Après la grande épopée lyrique de dimanche au Bourget et la non-analyse de lundi soir, l’enjeu pour François Hollande était ce jeudi de convaincre que l’on peut être de gauche et pragmatique. Si la télévision est la fenêtre de campagne sur une large partie de la population française, elle est aussi un examen de crédibilité pour les candidats.

Mis à part le débat ultra technique avec Alain Juppé qui a plus déstabilisé le téléspectateur que François Hollande , les journalistes se sont contentés encore une fois de travailler seulement la forme. Doit-on contrarier sa nature pour être président de la République ? Le candidat socialiste admet volontiers que la construction d’un personnage de présidentiable fait partie de la campagne et que cette transformation doit être au service des idées que l’on défend.

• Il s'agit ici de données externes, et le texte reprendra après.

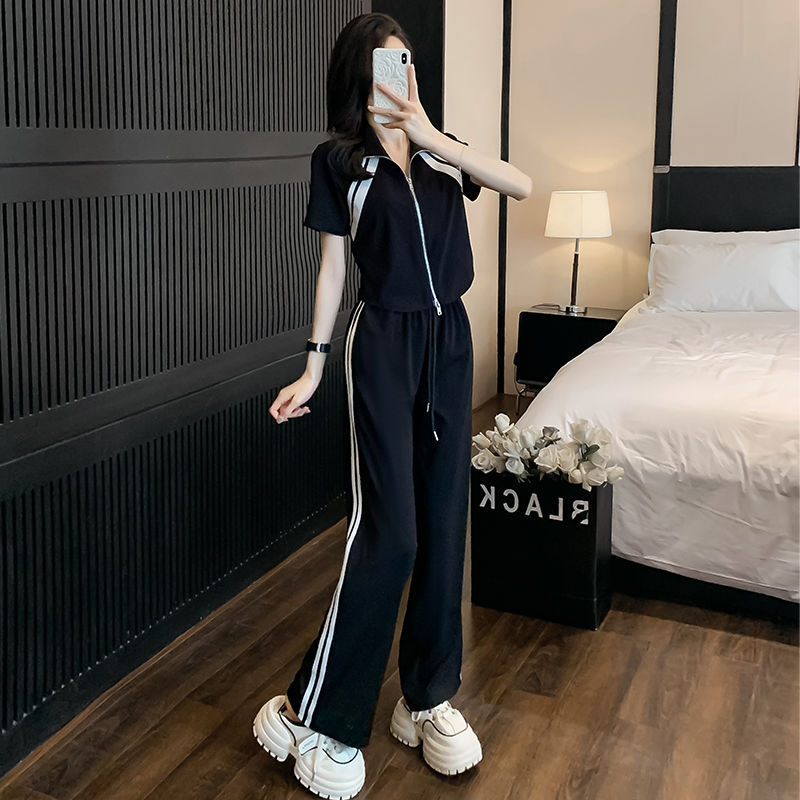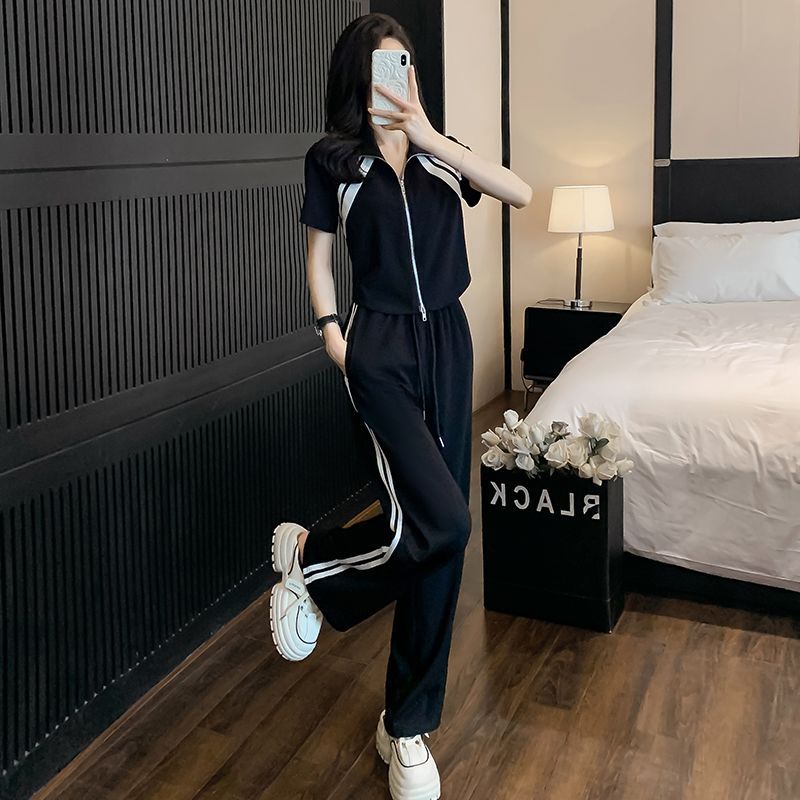 Loose Fashion Age-reducing Casual Sporty Wide-leg Pants Two-piece Set

La faute à un système établi ? Depuis 1958, la France de la Ve République accorde sa confiance à un homme en jetant un œil seulement sur les grandes lignes du projet souvent porté par une communication habile. Etre Président de la République est une vocation, pas un métier. C’est la culture de l’homme providentiel. Et François Hollande pour l’heure ne l’incarnerait pas ! C’est tout l’enjeu de sa campagne mais nous sommes encore et toujours sur la forme.

Et les attaques de l’UMP en restant sur ce terrain là ne produisent rien d’efficace . Au lendemain de l’émission, c’est l’arrogance du candidat socialiste qui est attaqué et les pics tournent autour de ce thème.

A la fin de cette semaine médiatique éprouvante, on retiendra que trop de communication tue la communication et trop d’assurance est contre productif. Mais avant que Sarko TV ouvre son programme, Canal Hollande a su rester efficace sur la forme.

La forme ; cette matière que le pouvoir de l’image transforme en fond, mais ce n’est qu’une illusion . Un mirage. Certes, rien de nouveau en 2012 sur ces pratiques politico médiatiques en campagne électorale. L'image est un miroir déformant et les politques aiment s'y complaire. De ce point de vue, le changement n’est pas pour maintenant.